====== DATA ======

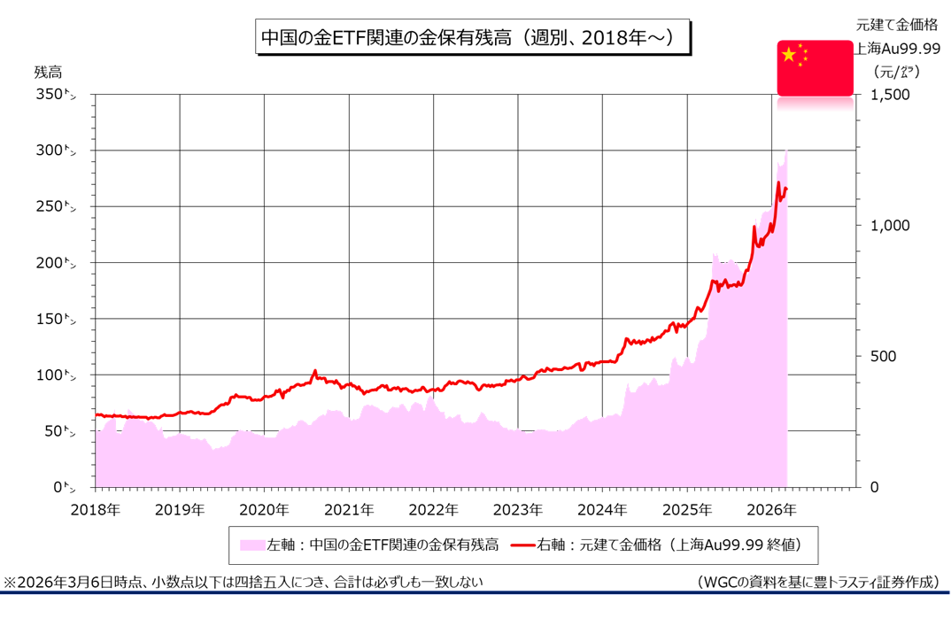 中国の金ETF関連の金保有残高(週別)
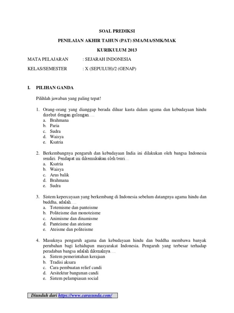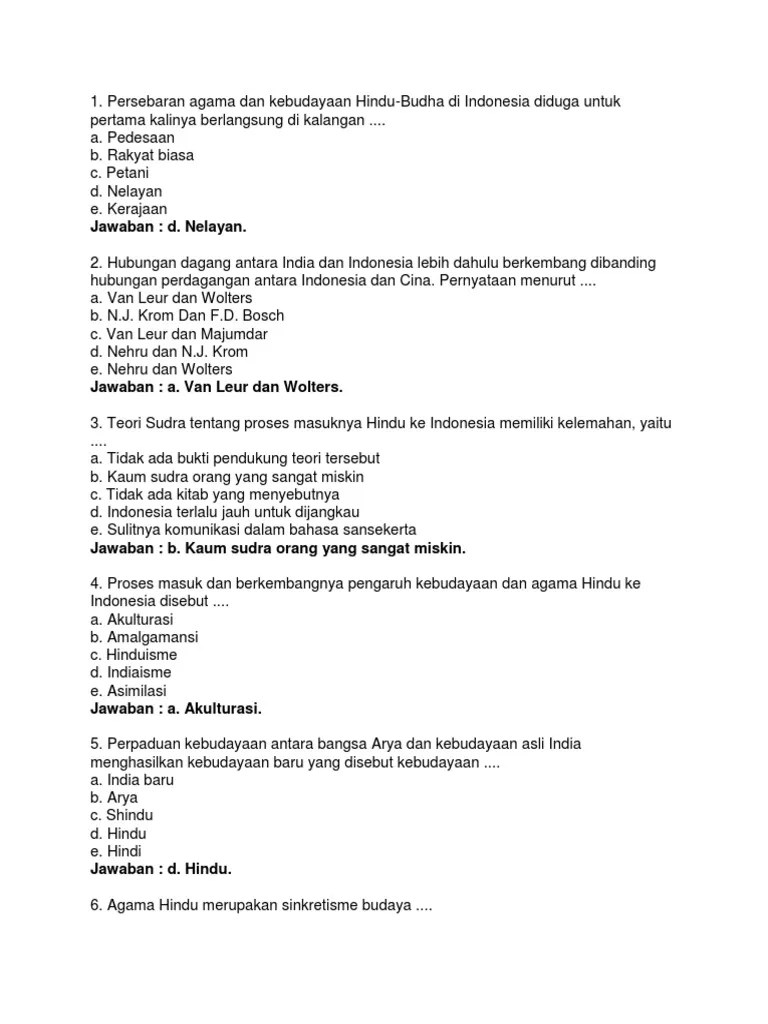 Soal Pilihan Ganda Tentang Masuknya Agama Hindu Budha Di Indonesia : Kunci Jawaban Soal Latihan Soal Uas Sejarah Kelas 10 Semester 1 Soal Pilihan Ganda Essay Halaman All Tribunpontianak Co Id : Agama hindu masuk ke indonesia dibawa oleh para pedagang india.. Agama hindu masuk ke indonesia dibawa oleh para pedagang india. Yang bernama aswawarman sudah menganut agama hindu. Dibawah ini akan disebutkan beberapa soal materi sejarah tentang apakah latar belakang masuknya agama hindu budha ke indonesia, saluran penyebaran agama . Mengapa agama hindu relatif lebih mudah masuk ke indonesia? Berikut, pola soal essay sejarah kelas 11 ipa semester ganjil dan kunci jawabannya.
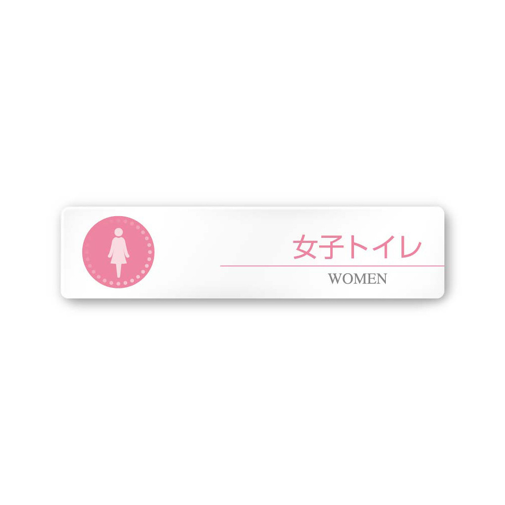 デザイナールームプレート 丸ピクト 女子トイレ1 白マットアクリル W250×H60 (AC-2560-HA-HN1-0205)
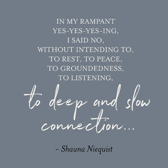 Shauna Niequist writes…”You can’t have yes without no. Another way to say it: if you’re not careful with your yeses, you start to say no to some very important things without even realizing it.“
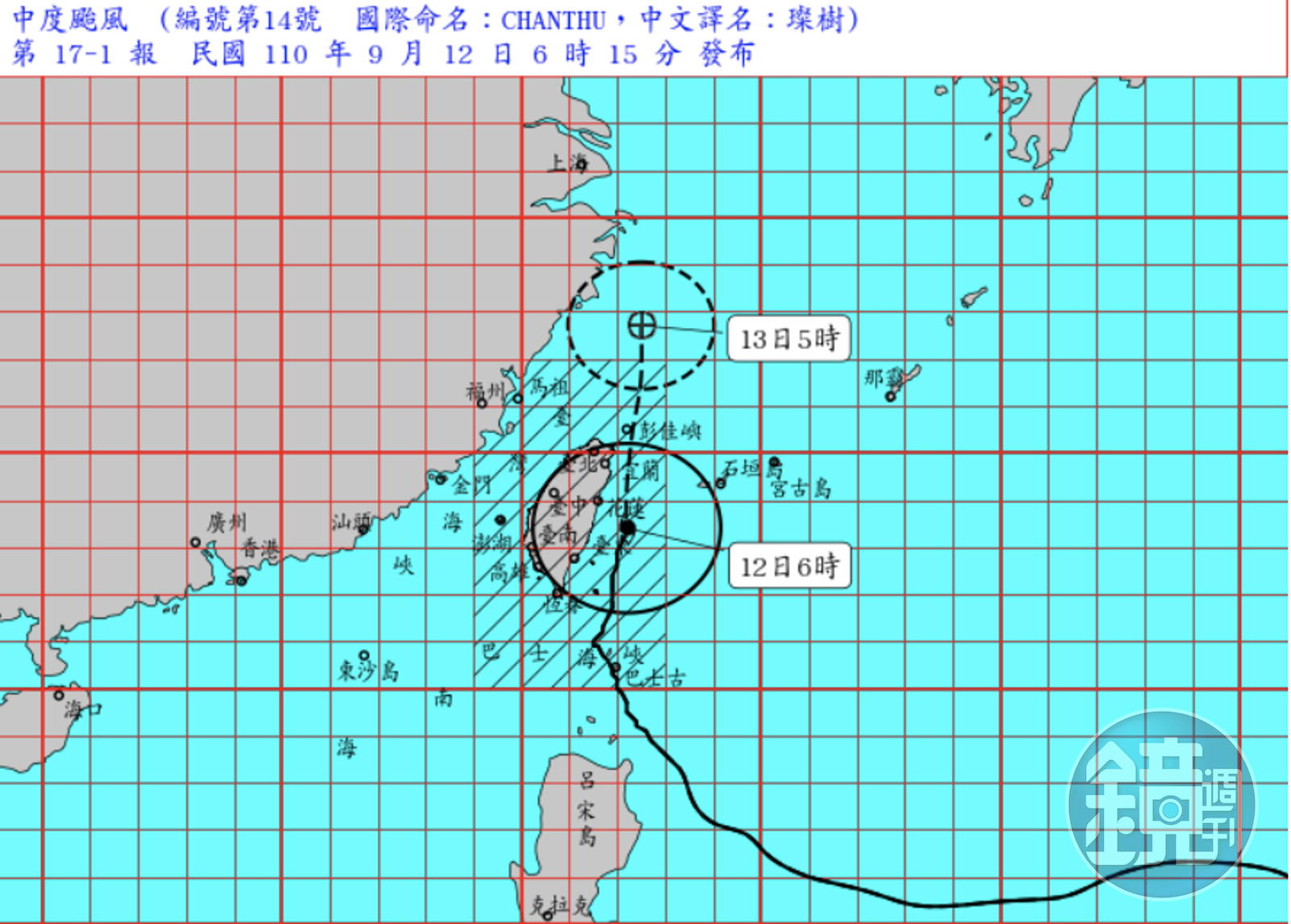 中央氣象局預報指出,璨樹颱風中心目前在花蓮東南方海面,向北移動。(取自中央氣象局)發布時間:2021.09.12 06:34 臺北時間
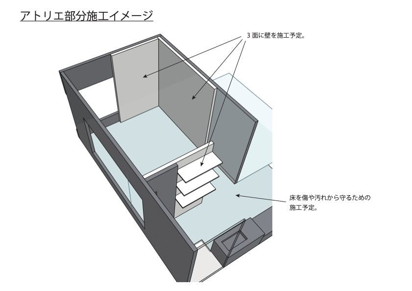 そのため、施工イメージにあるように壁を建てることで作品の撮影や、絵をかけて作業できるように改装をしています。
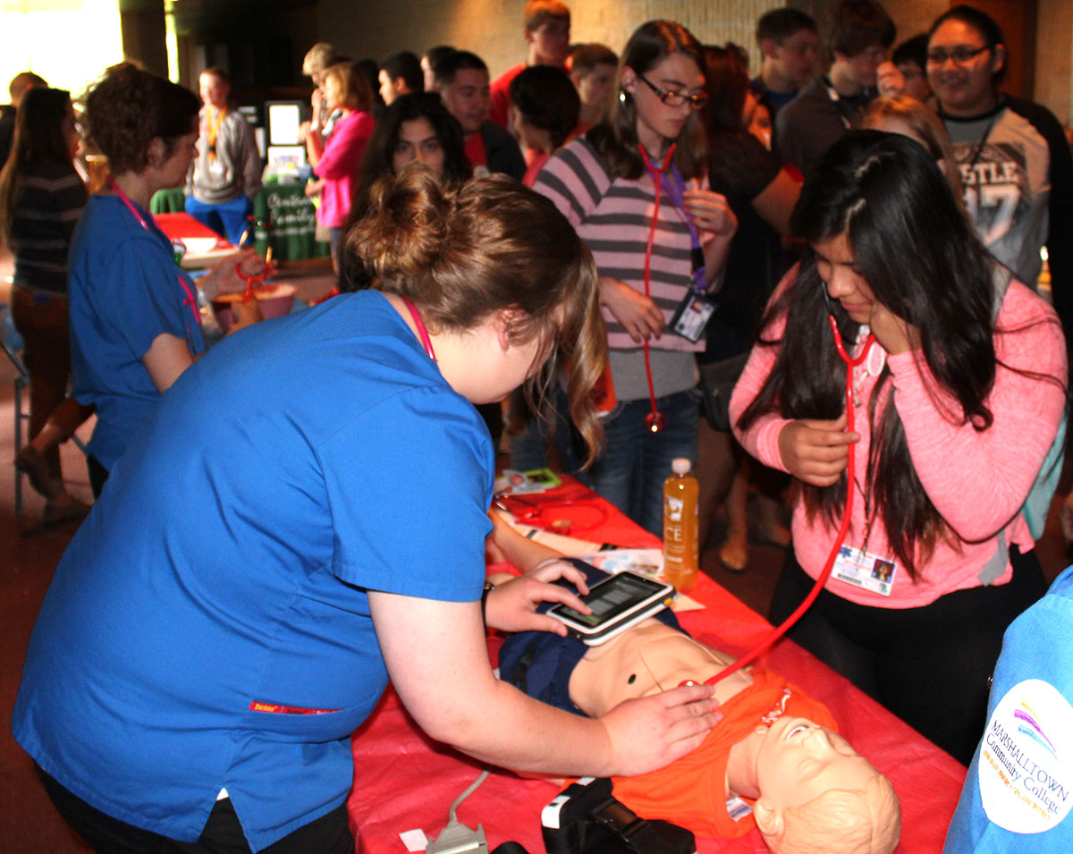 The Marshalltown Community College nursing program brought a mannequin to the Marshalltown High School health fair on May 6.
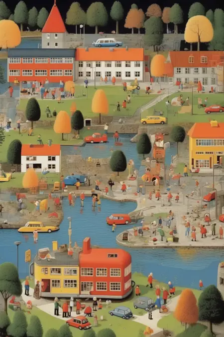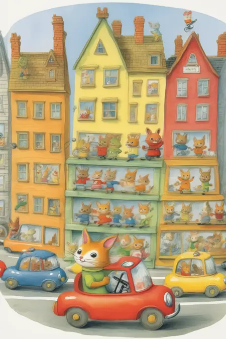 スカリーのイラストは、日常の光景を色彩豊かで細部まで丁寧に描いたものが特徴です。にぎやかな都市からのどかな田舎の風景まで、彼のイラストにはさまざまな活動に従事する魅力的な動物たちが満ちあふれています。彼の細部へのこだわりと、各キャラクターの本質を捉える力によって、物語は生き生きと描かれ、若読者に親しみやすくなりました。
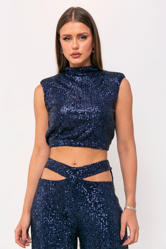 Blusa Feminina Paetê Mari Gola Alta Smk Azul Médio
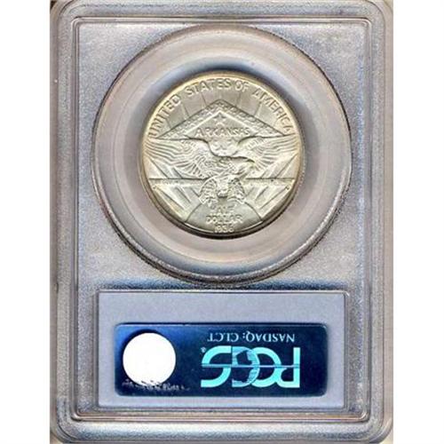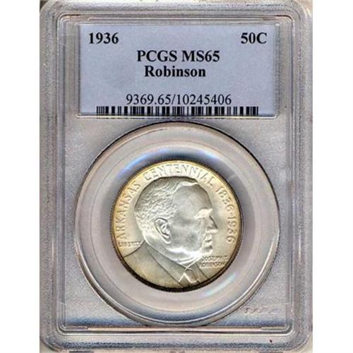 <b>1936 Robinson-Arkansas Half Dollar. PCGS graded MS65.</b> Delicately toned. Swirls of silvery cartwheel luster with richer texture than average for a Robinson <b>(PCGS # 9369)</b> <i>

======

Word for word, restate all of the material, omitting the images.

> [COMPLETED TASK]:
 中国の金ETF関連の金保有残高(週別)
 Soal Pilihan Ganda Tentang Masuknya Agama Hindu Budha Di Indonesia : Kunci Jawaban Soal Latihan Soal Uas Sejarah Kelas 10 Semester 1 Soal Pilihan Ganda Essay Halaman All Tribunpontianak Co Id : Agama hindu masuk ke indonesia dibawa oleh para pedagang india.. Agama hindu masuk ke indonesia dibawa oleh para pedagang india. Yang bernama aswawarman sudah menganut agama hindu. Dibawah ini akan disebutkan beberapa soal materi sejarah tentang apakah latar belakang masuknya agama hindu budha ke indonesia, saluran penyebaran agama . Mengapa agama hindu relatif lebih mudah masuk ke indonesia? Berikut, pola soal essay sejarah kelas 11 ipa semester ganjil dan kunci jawabannya.
 デザイナールームプレート 丸ピクト 女子トイレ1 白マットアクリル W250×H60 (AC-2560-HA-HN1-0205)
 Shauna Niequist writes…”You can’t have yes without no. Another way to say it: if you’re not careful with your yeses, you start to say no to some very important things without even realizing it.“
 中央氣象局預報指出,璨樹颱風中心目前在花蓮東南方海面,向北移動。(取自中央氣象局)發布時間:2021.09.12 06:34 臺北時間
 そのため、施工イメージにあるように壁を建てることで作品の撮影や、絵をかけて作業できるように改装をしています。
 The Marshalltown Community College nursing program brought a mannequin to the Marshalltown High School health fair on May 6.
 スカリーのイラストは、日常の光景を色彩豊かで細部まで丁寧に描いたものが特徴です。にぎやかな都市からのどかな田舎の風景まで、彼のイラストにはさまざまな活動に従事する魅力的な動物たちが満ちあふれています。彼の細部へのこだわりと、各キャラクターの本質を捉える力によって、物語は生き生きと描かれ、若読者に親しみやすくなりました。
 Blusa Feminina Paetê Mari Gola Alta Smk Azul Médio
 <b>1936 Robinson-Arkansas Half Dollar. PCGS graded MS65.</b> Delicately toned. Swirls of silvery cartwheel luster with richer texture than average for a Robinson <b>(PCGS # 9369)</b> <i>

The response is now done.